# My attempt at a clay betta



## OpalBones (Apr 10, 2014)

Polymer clay and acyclic paint with some nail polish on top for the sparkly scales. My first attempts were sadly burned in the oven but with this guy I tried some new techniques and I managed now to burn it up. lol

When I hold it up to Teodor's tank he flares at it so I guess that is a good compliment.

Maybe I will open commissions for these only I had a limited supply of paint so they would all be the colors of the clay used.


----------



## mepxx (Mar 8, 2015)

Thats so cool!  i love that you added nail polish for detailing thats so smart


----------



## rubbie5837 (Dec 22, 2014)

OMG! That's too cool! I want one!!!


----------



## OpalBones (Apr 10, 2014)

Thank you, Mepxx and Rubbie! I need to practice some more and will update this thread with photos of any new clay bettas I make.


----------



## rubbie5837 (Dec 22, 2014)

Definitely following. That would be a great memento for people to have of their bettas. If you ever decide to sale any for people, lmk. I would love to have one of each of my guys. I have mementos of all of my other pets throughout my life. But that's too cool.


----------



## RussellTheShihTzu (Mar 19, 2013)

Very nice! An artistic bone I do not have.


----------



## OpalBones (Apr 10, 2014)

RussellTheShihTzu said:


> Very nice! An artistic bone I do not have.


Thank you!


----------



## LolaQuigs (Mar 28, 2010)

Cute!


----------



## OpalBones (Apr 10, 2014)

I made another, this one an orange double tail male. 

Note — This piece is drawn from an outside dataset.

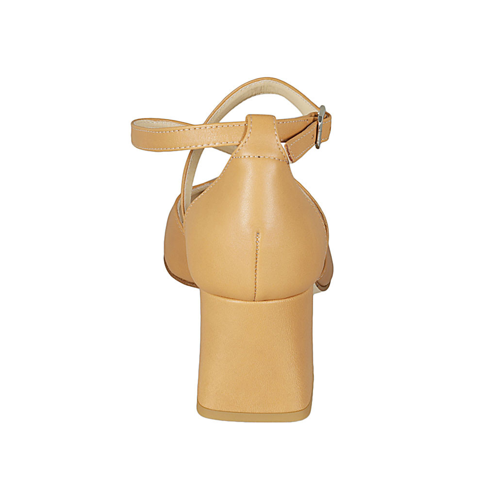 Zapato abierto puntiagudo para mujer con cinturon cruzado en piel cognac tacon 6 - Tallas disponibles:  44

I'm not terribly attached to this one and would be willing to trade or sell. The white powder on it is flour that it was baked in and should rinse right of with some brushing from an old toothbrush. Due to my lacking in paint I cannot paint it for you unless you want it pure white, black, or a clear coat over the clay.


----------



## Elleth (Feb 23, 2015)

Following. Really neat idea!


----------



## OpalBones (Apr 10, 2014)

Elleth said:


> Following. Really neat idea!


Thank you!


----------



## Axeria (Feb 6, 2015)

Oooh! These are awsome! I have tons of polymer clay, might try to make some myself


----------



## OpalBones (Apr 10, 2014)

Axeria said:


> Oooh! These are awsome! I have tons of polymer clay, might try to make some myself


Thank you! Yes you should it's a ton of fun!


----------